The hype surrounding 5G reached fever pitch at the recent Mobile World Congress, but the rollout of the next-generation network technology looks set to be drawn-out and painful.

Iain Morris

March 15, 2017

18 Min Read
The Growing Pains of 5G

At the turn of the millennium, a number of consultants and analysts grew rich by advising telcos that investing billions of dollars in 3G spectrum licenses, and the networks to support an exciting new range of mobile Internet services, would pay off handsomely. The 3G boom never materialized, and the debt-ridden industry spent years knocking its nascent data business into shape.

Today's 4G mobile networks are slick, high-performance vehicles that transport huge volumes of Internet traffic on a daily basis. But the payoff has remained elusive: Data revenues have merely replaced those from the dying voice business, and sales are under constant threat from Internet companies, regulators and plain old-fashioned competition.

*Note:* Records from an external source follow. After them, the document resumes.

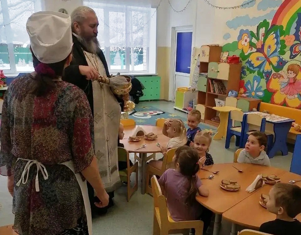Настоятель храма в честь преподобного Сергия Радонежского в с. Дмитрова Гора священник Антоний Богдюн встретился с дошкольниками и рассказал им о традициях и обычаях праздника, а затем ответил на многочисленные вопросы.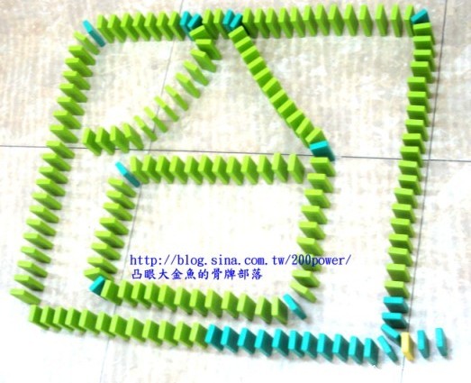 (所以,右下角的三片骨排是沒意義的,雖然這位學員可能想接連下一個圖案,但已經注定失敗了,有時候骨牌行進的邏輯知識也是很重要的,改天有機會再和大家分享這個部分。)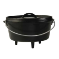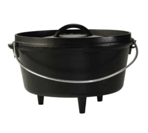 Camp Dutch Oven, 5 quart, 11-1/2" dia. x 7-3/4"H (exterior), flanged lid can be used to hold coals/briquettes (flip lid to use as griddle), (3) integral legs (fire safe), wire bail handle (for use with tripod), includes: Camp Dutch Oven Cooking 101 cookbook, stove top/grill/campfire/oven safe, seasoned with oil, hand wash only, cast iron, Made in USA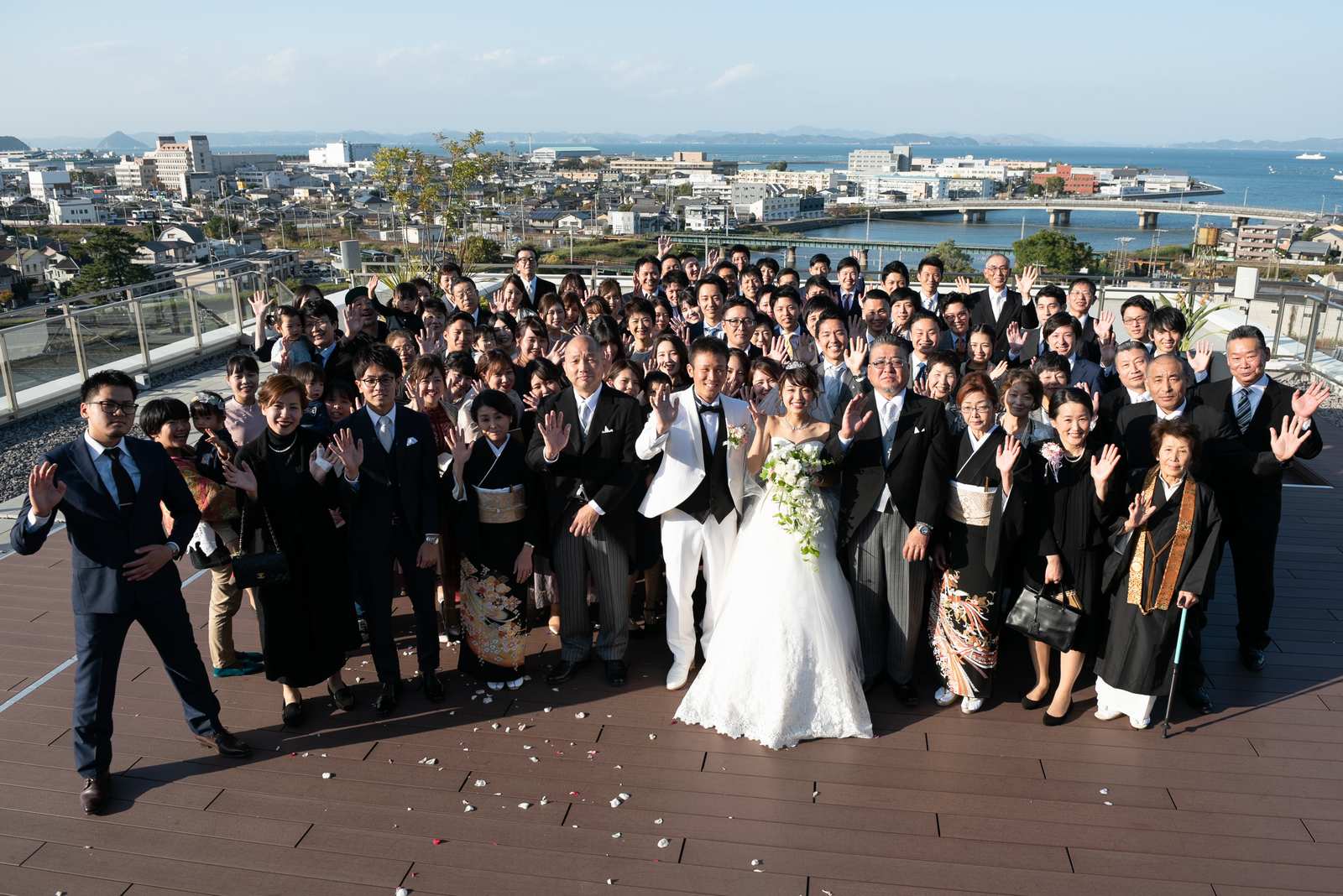 今人気のスカイフォトで高松の街並みと瀬戸内海そして、お二人とゲスト皆さま一緒に収めました!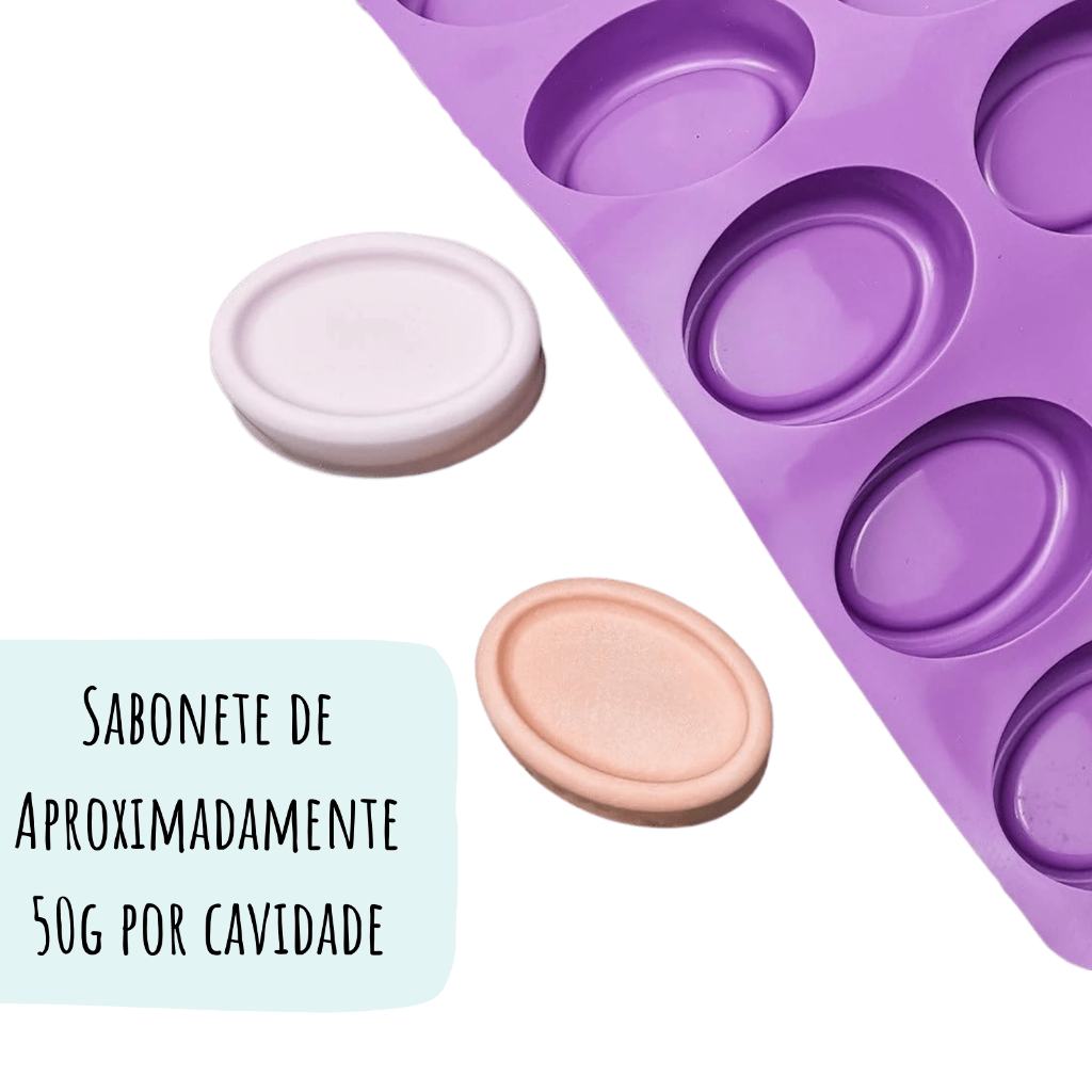Molde De Silicone Sabonete Artesanal 50g Forma 15 cavidades Oval Resina Saboaria Sabao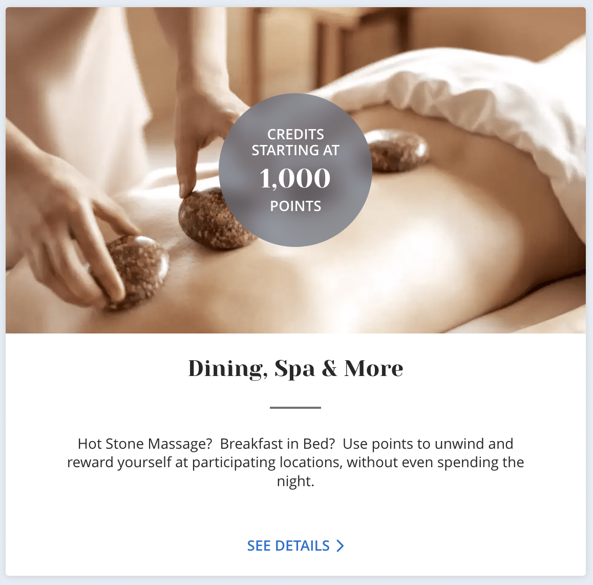 Specific participating Hyatt hotels and resorts allow you to use your World of Hyatt points towards specific on property experiences such as dining and spa treatments.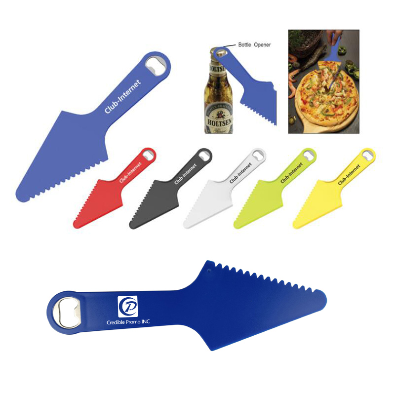 Multi functional pizza cutter, with pizza shovel and bottle opener design. Made from food safety, sturdy and durable material. Indispensable promotional item for Pizza theme activities. Three functions in one design makes it more popular. Your artwork can be imprinted on the large area.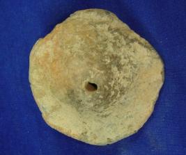 | Description / विवरण | Terracotta wheel, crudely made, with a hole at the center to attach it with the axle. The portion near the hole is raised outwards. |

Never really held to account for their misplaced optimism, those consultants and analysts have grown more circumspect in the interim. But the industry is once again being swept along on a wave of enthusiasm for next-generation network technology. 5G mobile, which could see initial launches as soon as 2019, has been heralded as the latest revenue-growth opportunity for both operators and the vendors that serve them. Yet investment concerns mean its deployment is likely to be drawn-out and painful.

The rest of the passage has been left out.